学生たちを震え上がらせているであろう形相。けれど、拗ねたような口調とのギャップがかえって可愛らしく見えて、思わず吹き出してしまう。
「恩師に対してひどい態度だ」
「いいえ、感謝していますよ。こうして帰国の度に仕事も斡旋していただいて」
「――嫌味に聞こえるぞ。だいたい、君の評判がすこぶるいいのも原因だ。ここの館長から『彼はまだ帰ってきてないのか』と毎度催促される。開館イベントの解説で一定のファンがついたらしい」
「光栄ですね」
「思ってもないことを口にするな」
軽口をたたき合い、梅見教授と微笑み合う。かなり権威のある人だし、厳しいと評判の教授だけれど、その実、情に深く、1度気にかけた相手はとことん世話をするお人好しでもある。

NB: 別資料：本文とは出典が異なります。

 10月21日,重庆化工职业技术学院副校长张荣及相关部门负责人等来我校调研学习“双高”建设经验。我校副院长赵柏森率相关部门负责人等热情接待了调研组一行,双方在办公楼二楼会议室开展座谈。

幸運なことに学生時代に彼に出会った俺は、何かと気にかけてもらっていた。今では、軽口を通り越して憎まれ口をたたき合うことすらある。
「――しかし、意外な才能だったな」
梅見教授は俺から視線を逸らし、ドームシアターの天井を見上げる。
「君はひとりで研究に没頭するタイプだったから、こんなにもうまく解説員なんていう先生役をこなすとは思わなかったよ」
「なら、どうして最初にこの仕事を俺にもってきたんです?」
「君は星だけではなく、星座にまつわる話にも精通していたからな」
「……ああ、なるほど」
納得して、俺もドームシアターの天井を見上げ、先ほどまでそこに投影されていた星座を思い浮かべる。

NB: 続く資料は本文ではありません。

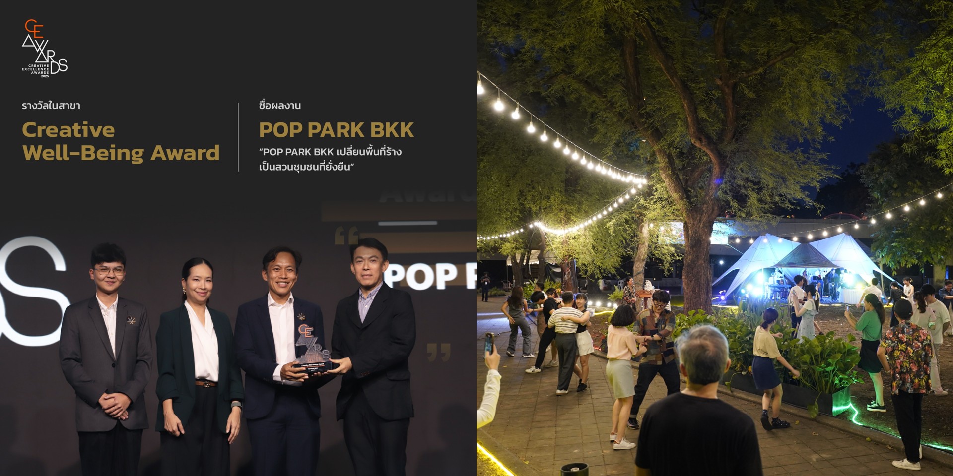 POP PARK BKK เปลี่ยนพื้นที่ว่างกลางเมืองให้เป็นสวนสาธารณะสีเขียว ภายใต้นโยบาย “สวน 15 นาที” ของกรุงเทพมหานคร โดยเปิดโอกาสให้ชุมชนมีส่วนร่วมตั้งแต่ขั้นตอนการออกแบบ การพัฒนา ไปจนถึงการดูแลรักษา และก่อนปรับปรุงมีการจัดกิจกรรมทดลองเชิงพื้นที่และกิจกรรมเวิร์กช็อปเพื่อสะท้อนความต้องการจริงของคนในพื้นที่ การพัฒนามุ่งเน้น 6 ด้าน ได้แก่ สุขภาพ การสัญจร การเชื่อมต่อกับแหล่งน้ำ ความหลากหลายทางชีวภาพ เกษตรในเมือง และกิจกรรมสร้างสรรค์ ผลลัพธ์คือชุมชนมีพื้นที่ปลอดภัย สังคมสัมพันธ์แน่นแฟ้น เศรษฐกิจท้องถิ่นมีความเข้มแข็ง และสิ่งแวดล้อมได้รับการฟื้นฟูอย่างยั่งยืน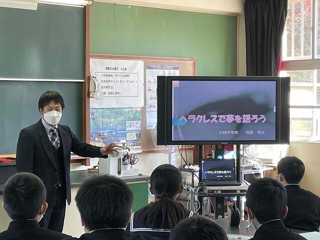 21日(金) 1年生キャリア教育で、牧野翔太先生(小林中学校)に「ヘラクレスで夢を語ろう」という

「興味深い話が多かったので、つい追いかけてしまって」
「ほとんどギリシャ神話だろう?」
「ええ、しかも主神ゼウス絡みですね。だからこそ、興味を惹かれたのでしょう」
「――『だから』?」
梅見教授は怪訝そうな声を上げた。彼は俺の境遇を知っているからこそ、不思議に思ったのだろう。ギリシャ神話――特にゼウスは恋多き神であり、恋を優先するあまり、時に彼の妻や子どもに対して辛辣だ。
「神様ですら、愛を求めて必死なんだな――と」
天井から視線を戻すと、ちょうど視線を下げた梅見教授と目が合った。
「――君は、今、幸せか?」
射貫くようにまっすぐ目を覗き込みながら、梅見教授が尋ねてくる。
「……ええ、とても」
俺はゆっくりとうなずいた。今の家族や彼女のことを思うと、自然と笑みがこぼれる。
「――そうか」
そんな俺を見て、梅見教授も大きく息をつきながらうなずいた。
「なら、よかった。で? 今日、これから何か予定はあるのかな? ないのなら、食事にでも誘いたいところだが――」
「お気持ちだけで。誕生日なので、家族が祝ってくれるんです」
俺の言葉に、梅見教授は目を細めて何度もうなずいた。
「そうだろうな。うんうん、よかった」
誘いを断ったというのに、教授はとても嬉しそうな顔をしている。それがありがたくも照れくさい。
「あの――」
気恥ずかしさに耐えかねて口を開いた時だった。
俺のスマホが震えて着信を告げる。
ポケットから取り出すと、彼女からのメッセージが入っていた。
「うん? ご家族からかな?」
「ええ。お祝いの準備ができたから早く帰ってきてほしい、と」
「そうか、なら足止めしては申し訳ないな。早く帰ってあげなさい」
梅見教授は俺の肩をバンバンと勢いよく叩き、きびすを返す。
「――ああ、そうそう」
と、何かを思いだしたのか足を止め、梅見教授は俺を振り返る。
「そのにやけ面の惚気話は、後日、一足遅れの誕生日会を兼ねて聞かせてくれるかな?」
「……!」
梅見教授はにやっと笑う。お節介かつ聡明な彼には何もかもお見通しらしい。
「――ええ。今日のお詫びを兼ねて必ず」
うなずいて答えると、彼も満足そうにうなずいた。
幸せだと思った。
彼女が、家族が、気の置けない人が、こうして俺を気遣い、誕生日を祝ってくれる。
かつての俺に教えてあげたい。
大丈夫、君の未来は温かく輝いているよ――と。